Продолжая хрипеть, как старая дырявая гармонь, Вайцман улыбнулся и вернул мне снимок.

— Лучше всего такую вещь сбыть в Амстердаме, — сказал он. — Если, конечно, вам удастся вывезти ее из Германии. Немецкие таможенники — настоящая гроза контрабандистов. С другой стороны, и в Берлине есть люди — и их немало, — которые могли бы купить такое ожерелье.

— Например?

— Есть два парня. Один занимается легальным бизнесом, другой — нелегальным. Первого зовут Петер Ноймайер. У него на Шлютерштрассе небольшая антикварная лавка, он скупает старинные украшения. Эта вещица могла бы его заинтересовать. Денег у него куры не клюют, и заплатить он может в любой валюте, какая вам угодна. Думаю, что к нему надо заглянуть непременно. — Он записал имя ювелира на клочке бумаги. — Есть еще некий Вернер Зелдте. Потсдамец. Этот не откажется от побрякушки только потому, что она краденая. Потсдамец — это кличка. В свое время роялисты-эмигранты осели в Потсдаме. Они прославились своим самодовольством и лицемерием, а за свои безнадежно устаревшие позиции готовы были сражаться. Так вот, у этого Вернера совести не больше, чем у самого последнего потсдамца. Его магазин где-то на Будапештерштрассе, или Эбертштрассе, или Герман-Геринг-штрассе или как там ее называют теперь нацисты.

А кроме того, — продолжал Вайцман, — существуют также дилеры, или торговцы бриллиантами, которые покупают и продают свой товар в самых шикарных конторах. Ты там не встретишь Случайного посетителя, который зайдет за обручальным кольцом. Это люди, которые делают деньги на том, что кто-то не может держать язык за зубами. — Он написал на листке еще несколько имен. — Вот Лазарь Оппенгеймер. Как ты понимаешь, еврей. Так что можешь убедиться, что я ко всем отношусь одинаково и вовсе не ожесточен против наших благородных. У Оппенгеймера контора на Иоахимсталерштрассе, и, насколько я знаю, он от дел не отошел. Есть еще Герт Ешоннек. Когда-то приехал в Берлин из Мюнхена. Я слышал, не лучший представитель «мартовских фиалок». Ну, ты знаешь, я говорю о тех, кто забрался в фургон национал-социалистов, чтобы побыстрее сколотить себе состояние. У него целая сеть контор в этом стальном уродливом здании на Потсдамерплац, забыл его название…

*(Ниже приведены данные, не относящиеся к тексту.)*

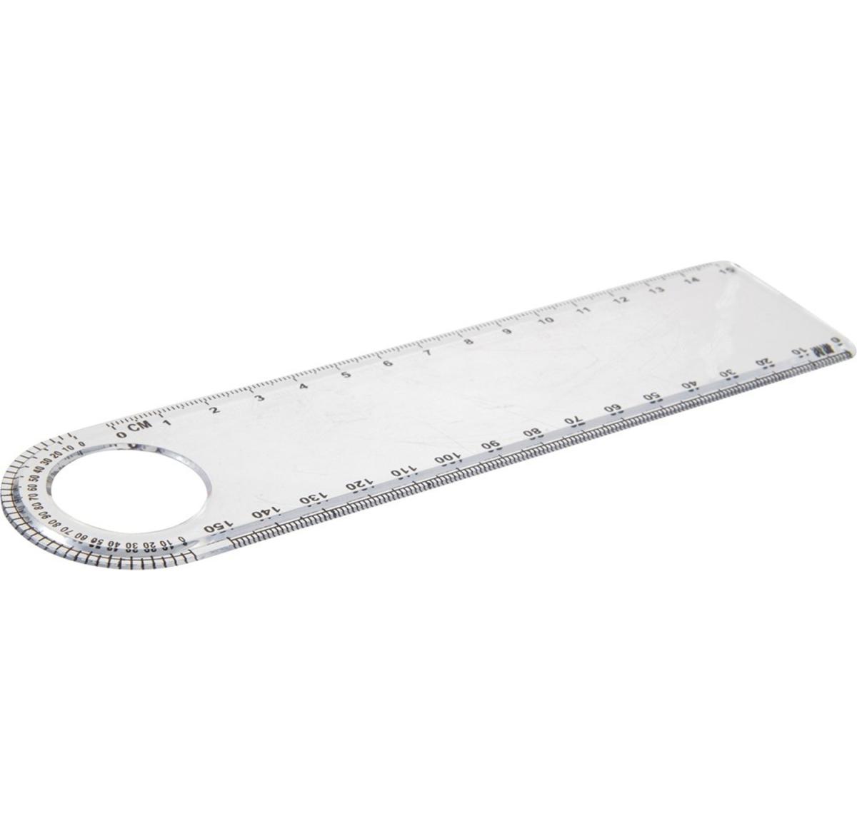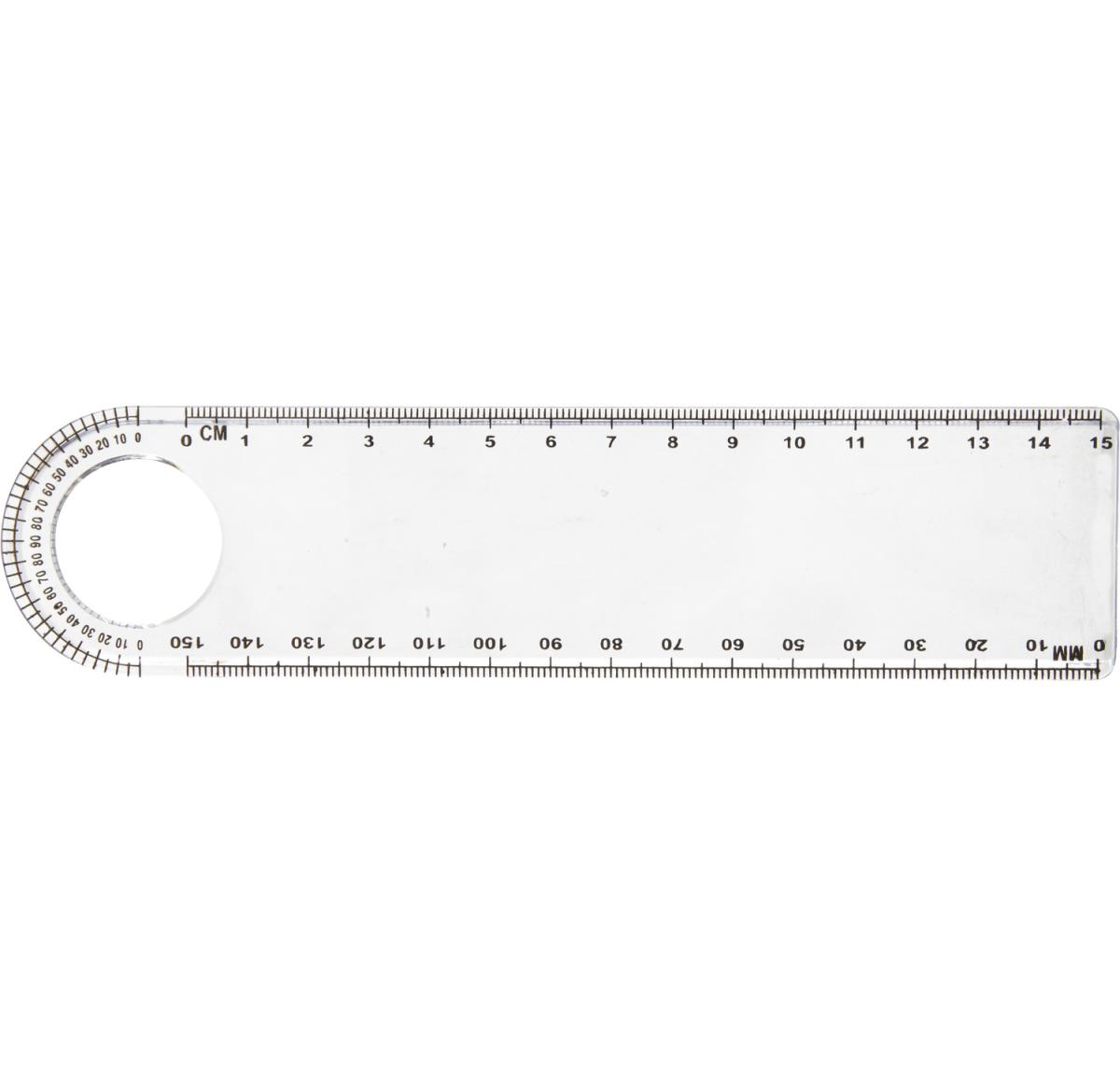 Plastic transparent ruler (15cm) with loupe and protractor.

— «Колумбус-Хаус», — подсказал я.

— Да-да, именно так, «Колумбус-Хаус». Говорят, что Гитлер не любит современной архитектуры, Берни. Ты понимаешь, что это означает? — Вайцман тихо рассмеялся. — Это означает, что в этом мы с ним похожи.

— А еще кто-нибудь есть?

— Наверное, есть, но я больше никого не знаю. Хотя всякое возможно.

— Вы все-таки имеете в виду кого-то еще?

— Нашего блестящего Премьер-министра.

— Геринг скупает краденые побрякушки? Вы это серьезно?

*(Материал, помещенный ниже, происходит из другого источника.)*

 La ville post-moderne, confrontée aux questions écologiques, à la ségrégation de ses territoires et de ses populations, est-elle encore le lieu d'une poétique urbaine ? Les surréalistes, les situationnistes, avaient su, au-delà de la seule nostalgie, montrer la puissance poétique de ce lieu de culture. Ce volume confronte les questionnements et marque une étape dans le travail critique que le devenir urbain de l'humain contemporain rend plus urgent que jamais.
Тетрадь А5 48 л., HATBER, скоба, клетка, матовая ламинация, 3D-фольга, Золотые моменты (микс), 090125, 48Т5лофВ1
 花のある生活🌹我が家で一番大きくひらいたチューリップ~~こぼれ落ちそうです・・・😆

— Вполне, — решительно сказал он. — У этого человека к дорогим вещам настоящая страсть. Если кое-какие редкости попадают к нему не совсем легальным путем, он к этому относится совершенно спокойно. А драгоценности — одна из его слабостей, я это знаю. Когда я работал у Фридлендера, он очень часто к нам заходил. Денег у него тогда было немного, по крайней мере, дорогие вещи он не мог себе позволить. Но по нему чувствовалось, что, если бы средства появились, он бы стал покупать и покупать.

— Боже мой, Вайцман! — сказал я. — Можете ли вы себе представить, чтобы я заявился в Каринхалле и сказал: «Простите, господин Премьер-министр, но вы случайно не знаете, где находится дорогое бриллиантовое ожерелье, которое какой-то скот недавно стащил из дома на Фердинандштрассе? Полагаю, что вы не будете возражать, если я загляну под юбку вашей жены Эмми — мне надо проверить, нет ли там этого ожерелья?»

— У нее там сам черт ничего не найдет, — возбужденно прохрипел Вайцман. — Эта жирная свинья по размерам не уступит своему муженьку. Бьюсь об заклад, она смогла бы накормить своим молоком весь «Гитлерюгенд» и еще осталось бы дорогому Герману на завтрак.

В этот момент у него начался такой приступ, от которого любой другой испустил бы дух. Я подождал, пока кашель немного поутих, и достал пятьдесят марок. Но он отшвырнул их.

— Я ведь тебе ничего особенно не сказал.

— Тогда я у вас что-нибудь куплю.

— Что с тобой случилось? На тебя что, наследство свалилось?

— Нет, но…

— А впрочем, погоди, — сказал он. — У меня есть одна вещица, которая тебе, может быть, пригодится. Ее нашли после большого парада на Унтер-ден-Линден.

Он поднялся и отправился в крошечную кухоньку позади кабинета. Когда он возвратился, я увидел у него в руках коробку стирального порошка «Персил».

— Благодарю вас, — сказал я, — но я сдаю белье в прачечную.

— Нет-нет, — ответил он, засовывая руку в порошок, — я храню его здесь на случай, если вдруг появятся гости, которых я не приглашал… А, вот он!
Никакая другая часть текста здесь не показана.